Regulation of the Immune Checkpoint Indoleamine 2,3-Dioxygenase Expression by Epstein-Barr Virus

Abstract

Epstein-Barr virus (EBV) is an oncovirus ubiquitously distributed and associated with different types of cancer. The reason why only a group of infected people develop cancer is still unknown. EBV-associated cancers represent about 1.8% of all cancer deaths worldwide, with more than 150,000 new cases of cancer being reported annually. Since EBV-associated cancers are described as more aggressive and more resistant to the usual treatment compared to EBV-negative ones, the recent introduction of monoclonal antibodies (mAbs) targeting immune checkpoints (ICs) in the treatment of cancer patients represents a possible therapy for EBV-associated diseases. However, the current mAb therapies available still need improvement, since a group of patients do not respond well to treatment. Therefore, the main objective of this review is to summarize the progress made regarding the contribution of EBV infection to the expression of the IC indoleamine 2,3-dioxygenase (IDO) thus far. This IC has the potential to be used as a target in new immune therapies, such as mAbs. We hope that this work helps the development of future immunotherapies, improving the prognosis of EBV-associated cancer patients.

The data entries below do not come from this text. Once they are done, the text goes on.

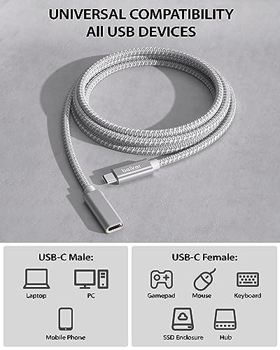 Cavo di estensione USB C Belker 1M USB3.2 (10Gbit/s) Tipo C Spina Estensione 5A Ricarica e Sincronizzazione per Mac Book Pro 2021 M1 Max Galaxy S22/S21/Note 20 Tab S8 Pixel 7 argento
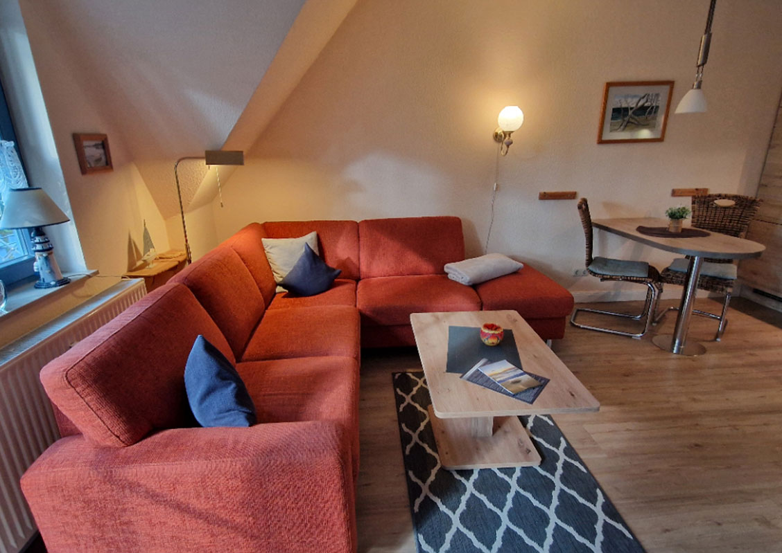 Fernab des Trubels am Strand oder der Ortsmitte ist diese gemütliche Ferienwohnung in ruhiger Lage genau das, was es für einen ruhigen und erholsamen Urlaub zu zweit braucht. Ihre AusZeit im Grünen, großer Balkon (Westausrichtung) mit Gartenmöbeln, Obergeschoss (ca. 40 qm) – von hier aus ist der Nationalpark in wenigen Gehminuten erreicht. Strand und Ortsmitte mit Geschäften sind mit dem Fahrrad schnell erkundet, zum Strand ist es ca. 1 km.
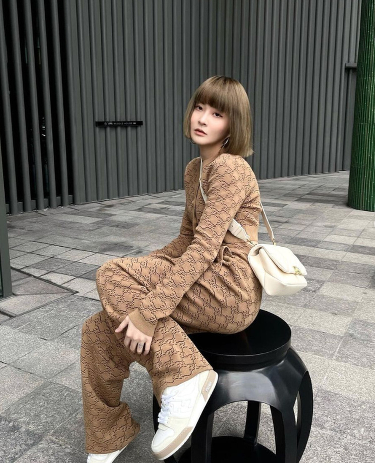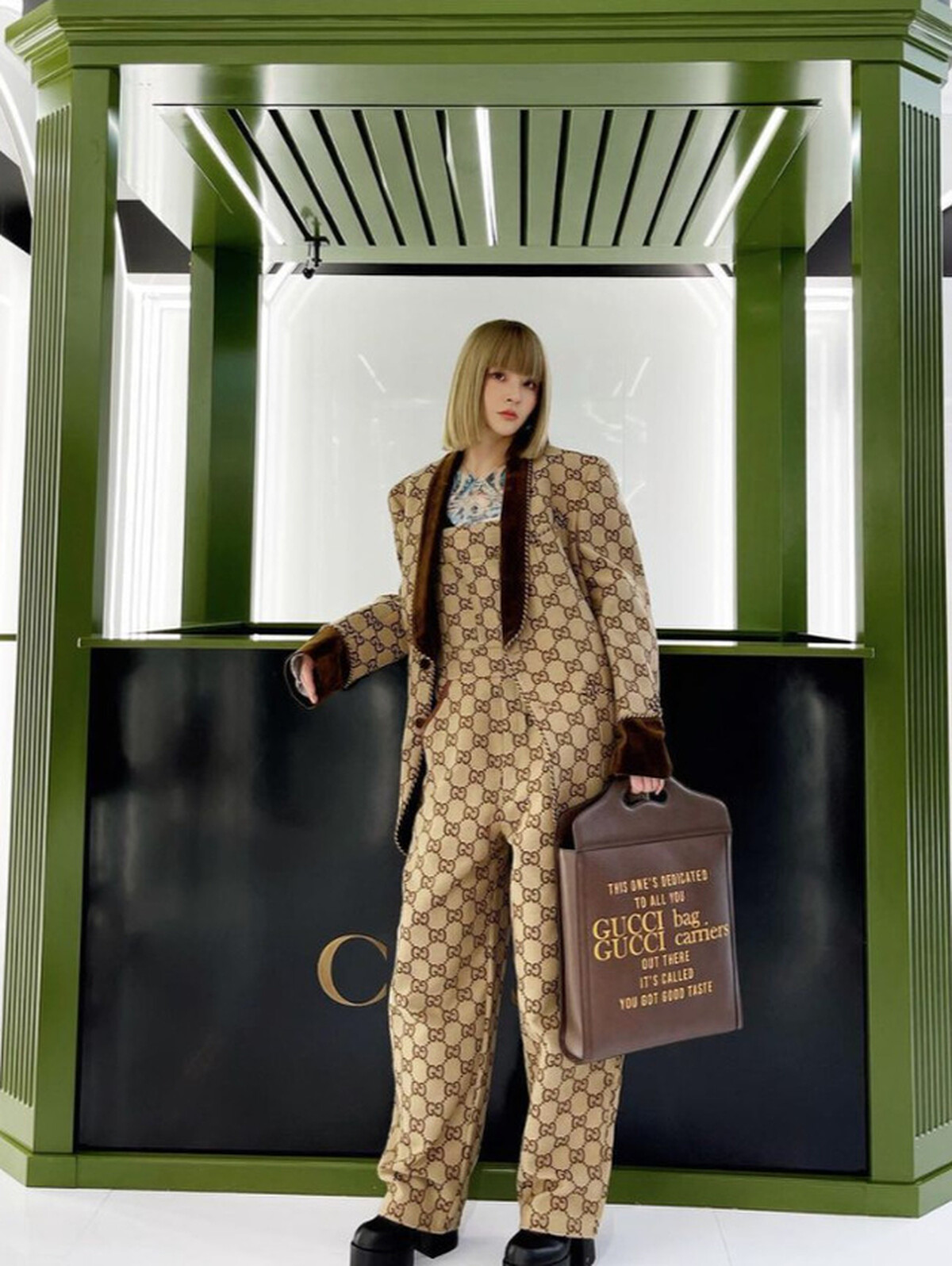 多數女孩畏懼的滿版印花款式服裝對小白來說卻是造型加分利器!像是小白選擇的這件 Gucci Logo 圖騰西裝外套本身已經相當花俏,為了不讓視覺感變得雜亂,她也特別搭配同色系的吊帶褲,並上腳黑色後底皮鞋,會看起來更為協調。建議穿著鮮豔色彩的服飾時,不管你所搭配的是褲子還是上衣,都必須是以簡單顏色為主,例如:黑、白、灰色,才能平衡整體視覺。
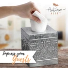 Premium Rustic Décor - Farmhouse Galvanized Square Tissue Box Cover blends sturdy metal with aged vintage charm, creating an eclectic mix. Infuse a touch of old-world grace and reclaimed goodness into your space with this square metal tissue box cover High-end Appeal - Boasting a timeless galvanized country tissue box cover exterior finish adorned with iconic embossed rings, our handcrafted farmhouse tissue box cover seamlessly blends into various interior styles—adding a touch of high-end appeal to modern minimalistic, rugged industrial, transitional, and more. Our rustic tissue box holder square can be used in the bedroom, bathroom, living room or wherever you want to add a little vintage charm Sturdy & Durable Rusic Decorations - Our decorative tissue box, made from sturdy steel and galvanized tin, withstands corrosion and weather changes, ensuring a lifelong rustic charm. Handcrafted by skilled artisans, it adds a touch of old-world allure to any space as a thoughtful and ruggedly sophisticated gift Effortless Refill Design Tissue Box Holder - Easy dispensing and replenishment, this galvanized kleenex cover rustic boasts neatly folded edges, ensuring safety and furniture protection. Ideal for enhancing the rustic charm of your living room or bathroom décor Add to Your Rustic Home Décor - farmhouse tissue holder is designed to fit seamlessly into most spaces. Explore our wide array of rustic decor and galvanized bathroom accessories, perfect for complementing the industrial-chic home decor aesthetic and completing your desired look!
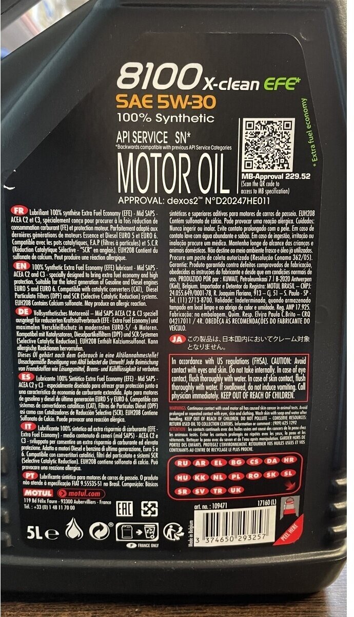 SAE Viscosity Grade: 5W-30, Oil Type: Synthetic, 100% Synthetic, OEM Approvals: 109471
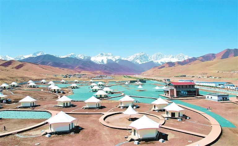 藍天白云、雪山皚皚,俯瞰天??h抓喜秀龍旅游基礎(chǔ)設(shè)施建設(shè)項目現(xiàn)場,蜿蜒曲折的木棧道如花莖延伸,一座座白頂帳篷外形的民宿似雪蓮綻放,幾十名工人爭分奪秒搶抓工期,為項目完工做最后沖刺。
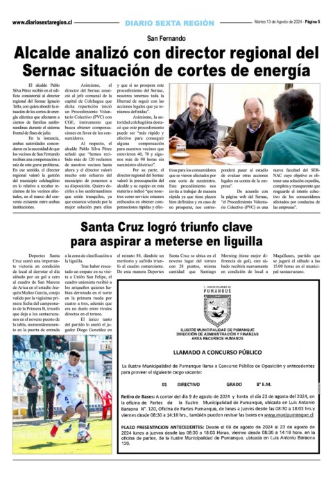 Martes 13 de Agosto de 2024 - Página 5 San Fernando Alcalde analizó con director regional del Sernac situación de cortes de energía Santa Cruz logró triunfo clave para aspirar a meterse en liguilla 240808601
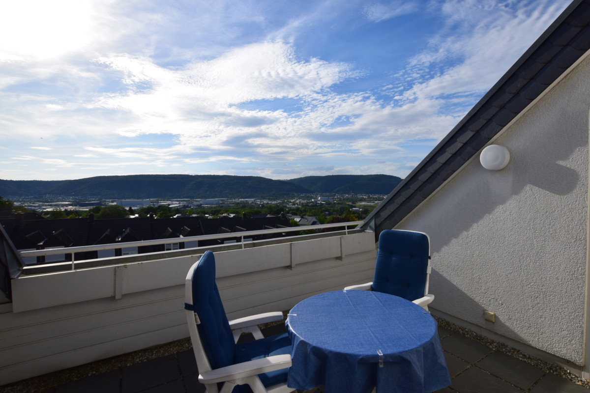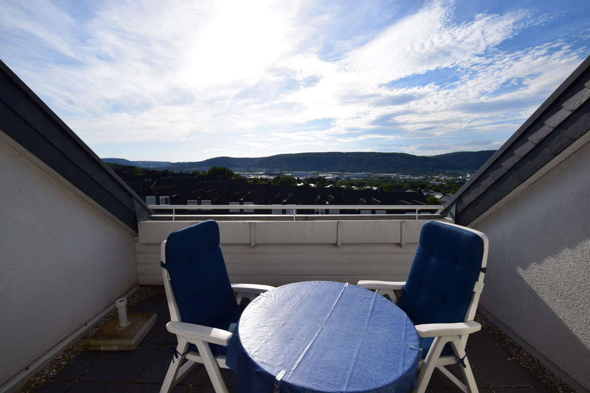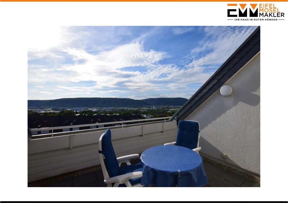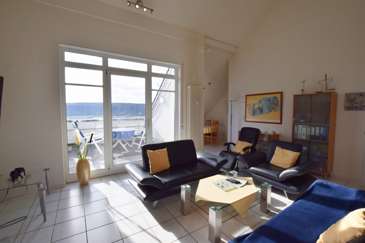 Das absolute Highlight in diese Wohnung ist das Wohnzimmer mit Zugang zur Loggia. Der Wohnraum wirkt durch die hervorragende Deckenhöhe von über 4 Metern besonders hell. Der Zugang zur Loggia lässt einen sprachlos werden. Genießen Sie den fantastischen Ausblick über Trier. Hier können Sie tagsüber die Sonne genießen und in den Abendstunden mit einem Glas Wein, einen langen Tag ausklingen lassen. Hier fühlt sich Zuhause wie Urlaub an.
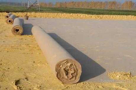4. По ширине отмостки стелится геотекстиль. Данный материал состоит из пропиленовой нитки. Он пропускает воду, причем предотвращает возможность песка заполнять пустоты между щебеночным слоем, который укладывается на песок.
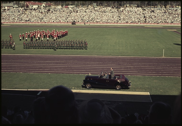 149008PD: The Duke of Edinburgh (standing in open car) arrives at the opening ceremony, 22 November 1962
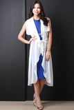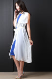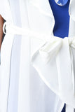This longline vest features a semi-sheer chiffon fabrication, open waterfall front, and a self-tie waist sash. Accessories sold separately. Made in U.S.A. 100% Polyester.
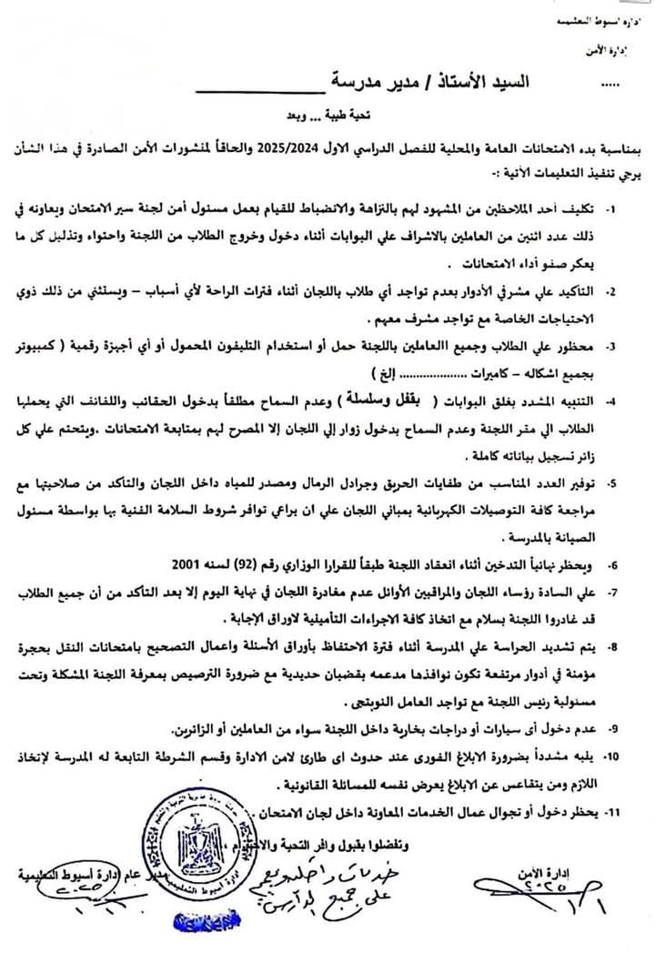 وجهت مديرية التربية والتعليم والتعليم الفني بمحافظة أسيوط، تعليمات مهمة بمناسبة بدء الامتحانات العامة والمحلية للفصل الدراسي الأول 2025/2024.
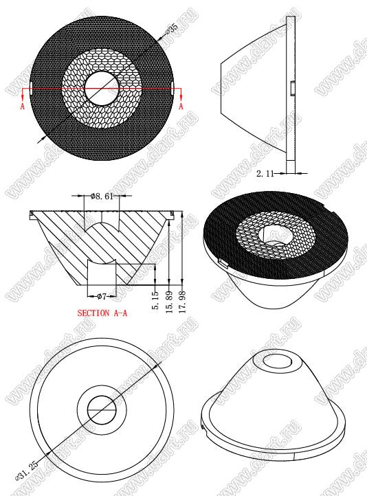 Каталог > Оптоэлектроника и индикация > Линзы и рефлекторы для светодиодов > Прочее > ILENS763-S35-M8-H
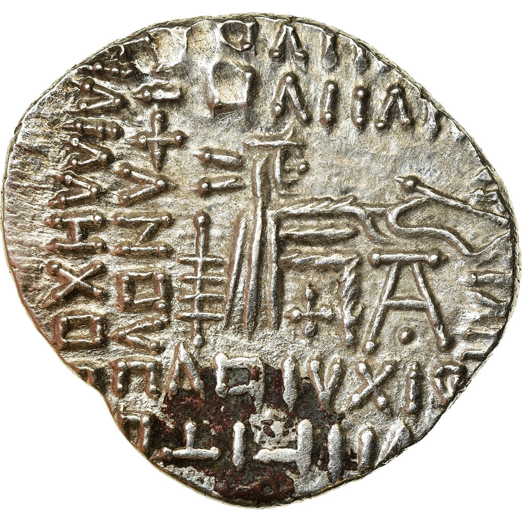 Popiersie Wologazów z diademem po lewej stronie Łucznik (Arsakes I) siedzący po prawej stronie tronu, trzymający łuk 3,82 gr
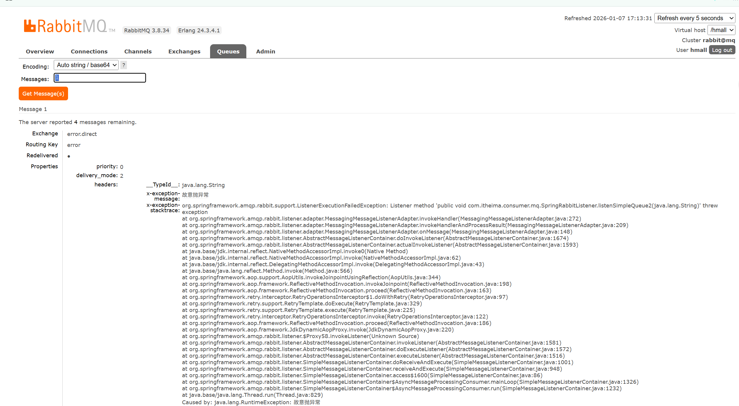 首先要明确消费者失败是指什么,其实这里就是指消费者处理消息的时候失败,也就是消费者抛异常了,当配置了确认机制时,这个消息将不会直接消失,而是会重新入队(requeue),然后重新发给消费者,直到不抛异常。

Keywords: Epstein–Barr virus; immune checkpoints; indoleamine 2,3-dioxygenase.

Figure 1

Proposed mechanism of the IDO-specific contribution to immunosuppression in EBV(−) cancer and EBV(+) cancer. (A) During homeostasis, CTLs utilize tryptophan in order to eliminate cancer cells. The degradation of tryptophan generates Kyn, which negatively contributes to NKG2D regulation of expression in NK cells. (B) EBV has been reported to increase IDO expression in infected cells; therefore, Trp degradation is enhanced, and so is Kyn accumulation. As a result, a more significant immunosuppression status is established, since CTL responses are inhibited, and stronger inhibition of NKG2D in NK cells can be observed. In addition, MIC-A, a NKG2D ligand, has been reported to be downregulated in EBV-infected cancer cells through the TGF-β/c-myc pathway. In this model, the activation of the RIG-I pathway through EBER1, delivered by exosomes, directly regulates IDO expression in cancer cells and/or also activates the NF-kB pathway in them, inducing the production of TNF-α and IL-6, culminating in the upregulation of IDO. The increased IDO expression in cancer cells would exacerbate the immunosuppression by increasing Trp utilization and Kyn accumulation. IL-27 would also play a role in this scenario, contributing to the expression of both IDO and PD-L1; the latter IC receptor expression, PD-1, increases on CD8⁺T cells as Kyn accumulates in the microenvironment. The use of specific IDO inhibitors would have a greater impact on EBV-associated malignancies, since IDO expression is higher when compared to EBV(−) cases. Thick lines represent stronger activation/expression than thin lines (weaker activation/expression). EBV: Epstein–Barr virus; CTL: cytotoxic T cell; JAK3/STAT3: Janus-kinase-3/signal transducer and activator of transcription-3; KYN: kynurenine; MAPK: mitogen-activated protein kinase; MIC-A: MHC class I polypeptide-related sequence A; NF-κB: nuclear factor-κB; NKG2D: NKG2-D type II integral membrane protein; PD-1: programmed cell death protein; PD-L1: programmed death-ligand 1; TGF-β/c-myc: transforming growth factor β/c-myc; TRP: tryptophan.